The difference here could be characterized in sports terms, as if Team Democrats are dancing in the end zone after winning the big election game, while Team GOP is bumming in the locker room after losing.

“I think that there’s definitely a psychological connection in political partisanship and sports partisanship,” said Smith College sports economist Andrew Zimbalist. “What can happen with sports — and it’s mostly a very short-term and ephemeral phenomenon — is that optimism and energy can reverberate in a town after a team wins the Super Bowl or wins the World Series.”

Zimbalist believes political defeat or victory affects consumer confidence by altering Americans’ expectations of how economic policy might change along party lines.

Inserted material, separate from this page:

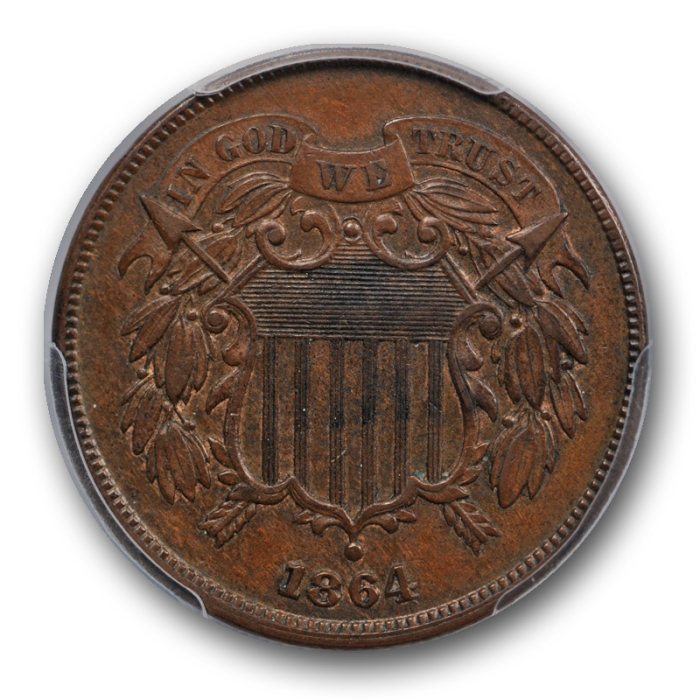 Description / 1864 2C Large Motto Two Cent Piece PCGS AU 58 BN Registry Coin

So for Republicans in 2017, at the dawn of the Trump administration, and for Democrats now with the Biden administration in control of the White House and Congress, “one begins to believe that there’ll be good economic policies put in place,” said Zimbalist. “And that usually goes along with greater willingness to invest in the future, spend money on short-term entertainment.”

How ready consumers are to actually spend it up, though, is partly down to personal circumstances.

Aaron Iturralde voted for Trump in 2020, and he thinks the economy’s in for rough going.

“Economy-wise, I was a lot more comfortable with Trump being in office for the simple fact that he’s a businessman, he knows what businesses need to function and to operate,” Iturralde said.

With Democrats in control, “normally, I would definitely be drawing back, as far as my expenditures and all that, and be putting more into savings for a rainy day, as well as retirement savings,” he said.

But, Iturralde works at an armaments factory in Kansas City, Missouri, that’s been going gangbusters.

“With the industry that I’m in, making ammunition, all the overtime and double-time that I could possibly ask for, money is not going to be an issue.”